Task description: Below this line is a listing that includes pictures. Copy exactly, and only, the lines from the one containing "- Place in a" through the one containing "Рис. 12. Схема"; the pictures do not go in the copy.

Given records:
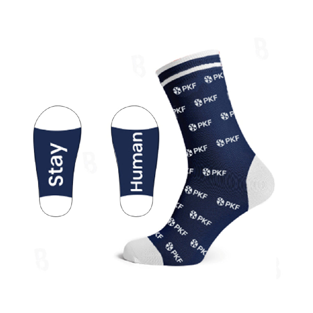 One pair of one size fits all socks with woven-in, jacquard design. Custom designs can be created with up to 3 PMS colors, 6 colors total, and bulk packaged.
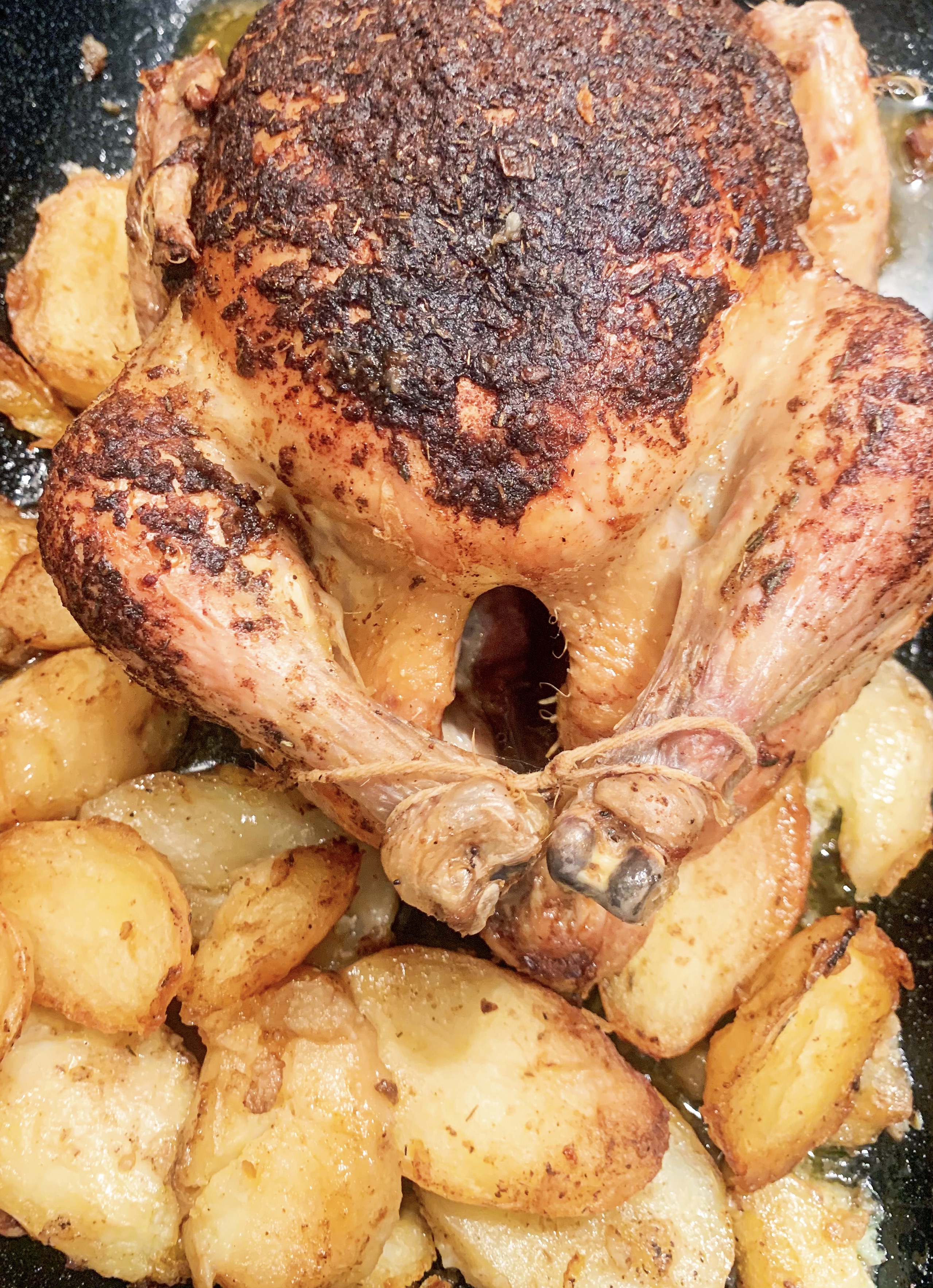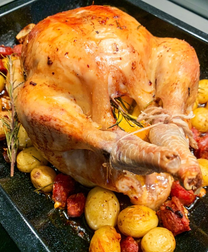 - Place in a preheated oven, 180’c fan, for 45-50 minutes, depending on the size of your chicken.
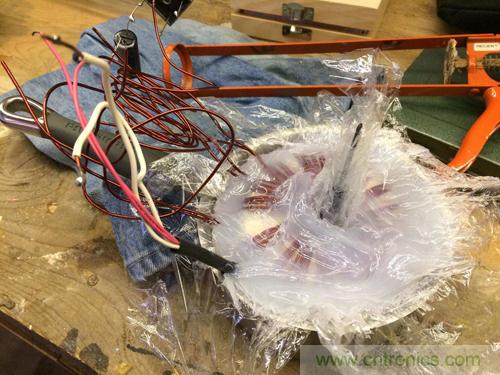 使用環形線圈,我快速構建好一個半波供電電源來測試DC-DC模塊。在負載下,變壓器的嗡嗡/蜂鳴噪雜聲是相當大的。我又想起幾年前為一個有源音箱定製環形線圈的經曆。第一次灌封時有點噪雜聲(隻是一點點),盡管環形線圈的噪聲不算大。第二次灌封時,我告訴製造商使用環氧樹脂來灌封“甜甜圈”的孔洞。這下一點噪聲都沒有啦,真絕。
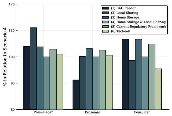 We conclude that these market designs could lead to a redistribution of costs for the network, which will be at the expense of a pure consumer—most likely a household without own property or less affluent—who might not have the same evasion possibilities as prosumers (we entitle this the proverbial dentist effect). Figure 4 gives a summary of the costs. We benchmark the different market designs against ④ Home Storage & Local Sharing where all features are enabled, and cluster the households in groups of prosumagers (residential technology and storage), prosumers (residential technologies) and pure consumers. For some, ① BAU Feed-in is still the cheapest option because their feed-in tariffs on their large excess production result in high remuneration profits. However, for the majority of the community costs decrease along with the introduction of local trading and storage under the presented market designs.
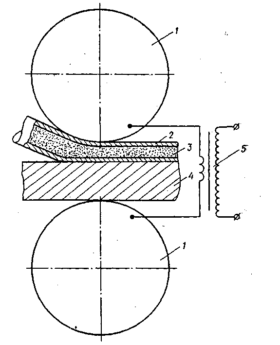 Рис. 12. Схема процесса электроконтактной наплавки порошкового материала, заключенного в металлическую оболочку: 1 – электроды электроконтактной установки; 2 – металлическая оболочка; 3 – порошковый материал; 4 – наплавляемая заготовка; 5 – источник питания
* * *
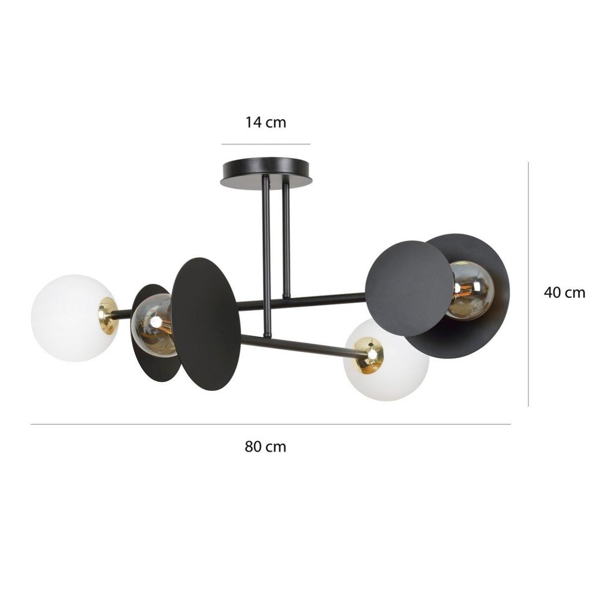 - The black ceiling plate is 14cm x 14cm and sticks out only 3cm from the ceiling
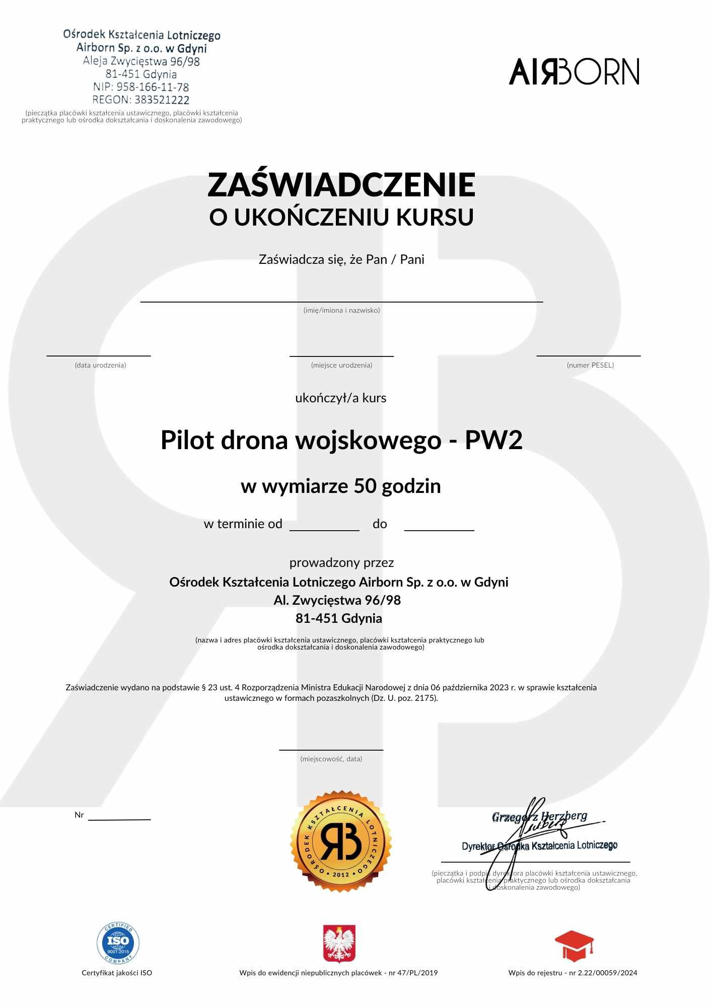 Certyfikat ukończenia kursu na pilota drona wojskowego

Exercise result:
 - Place in a preheated oven, 180’c fan, for 45-50 minutes, depending on the size of your chicken.
 使用環形線圈,我快速構建好一個半波供電電源來測試DC-DC模塊。在負載下,變壓器的嗡嗡/蜂鳴噪雜聲是相當大的。我又想起幾年前為一個有源音箱定製環形線圈的經曆。第一次灌封時有點噪雜聲(隻是一點點),盡管環形線圈的噪聲不算大。第二次灌封時,我告訴製造商使用環氧樹脂來灌封“甜甜圈”的孔洞。這下一點噪聲都沒有啦,真絕。
 We conclude that these market designs could lead to a redistribution of costs for the network, which will be at the expense of a pure consumer—most likely a household without own property or less affluent—who might not have the same evasion possibilities as prosumers (we entitle this the proverbial dentist effect). Figure 4 gives a summary of the costs. We benchmark the different market designs against ④ Home Storage & Local Sharing where all features are enabled, and cluster the households in groups of prosumagers (residential technology and storage), prosumers (residential technologies) and pure consumers. For some, ① BAU Feed-in is still the cheapest option because their feed-in tariffs on their large excess production result in high remuneration profits. However, for the majority of the community costs decrease along with the introduction of local trading and storage under the presented market designs.
 Рис. 12. Схема процесса электроконтактной наплавки порошкового материала, заключенного в металлическую оболочку: 1 – электроды электроконтактной установки; 2 – металлическая оболочка; 3 – порошковый материал; 4 – наплавляемая заготовка; 5 – источник питания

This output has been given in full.